ByteComposer: a Human-like Melody Composition Method based on Language Model Agent
This addresses the challenge of automated music composition for creators and researchers, though it is incremental in building on existing symbolic music generation models.
The paper tackles the problem of designing a human-aligned and interpretable melody composition system by proposing ByteComposer, an agent framework that emulates a human creative pipeline, achieving results comparable to a novice melody composer as evaluated by professionals.

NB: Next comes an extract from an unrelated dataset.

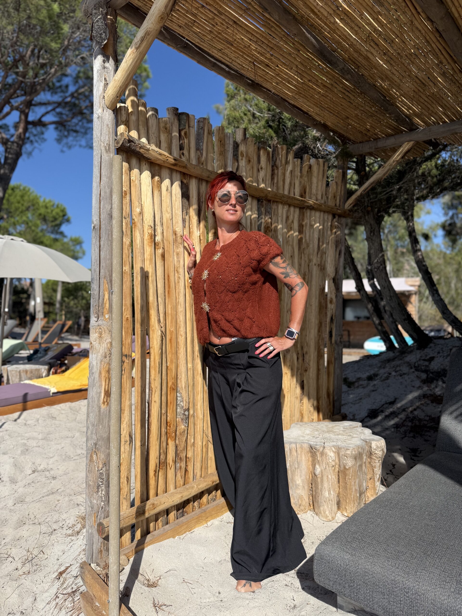 - Sa coupe confortable et légèrement loose, parfaite sur un jean flare ou une robe fluide.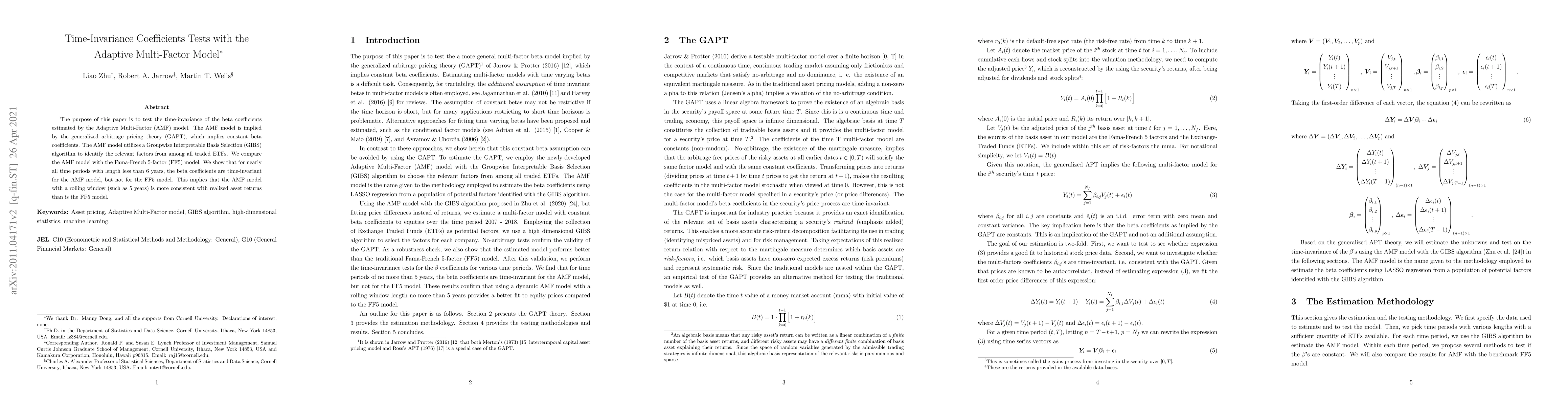 The purpose of this paper is to test the time-invariance of the beta coefficients estimated by the Adaptive Multi-Factor (AMF) model. The AMF model is implied by the generalized arbitrage pricing theory (GAPT), which implies constant beta coefficients. The AMF model utilizes a Groupwise Interpretable Basis Selection (GIBS) algorithm to identify the relevant factors from among all traded ETFs. We compare the AMF model with the Fama-French 5-factor (FF5) model. We show that for nearly all time periods with length less than 6 years, the beta coefficients are time-invariant for the AMF model, but not for the FF5 model. This implies that the AMF model with a rolling window (such as 5 years) is more consistent with realized asset returns than is the FF5 model.

Large Language Models (LLM) have shown encouraging progress in multimodal understanding and generation tasks. However, how to design a human-aligned and interpretable melody composition system is still under-explored. To solve this problem, we propose ByteComposer, an agent framework emulating a human's creative pipeline in four separate steps : "Conception Analysis - Draft Composition - Self-Evaluation and Modification - Aesthetic Selection". This framework seamlessly blends the interactive and knowledge-understanding features of LLMs with existing symbolic music generation models, thereby achieving a melody composition agent comparable to human creators. We conduct extensive experiments on GPT4 and several open-source large language models, which substantiate our framework's effectiveness. Furthermore, professional music composers were engaged in multi-dimensional evaluations, the final results demonstrated that across various facets of music composition, ByteComposer agent attains the level of a novice melody composer.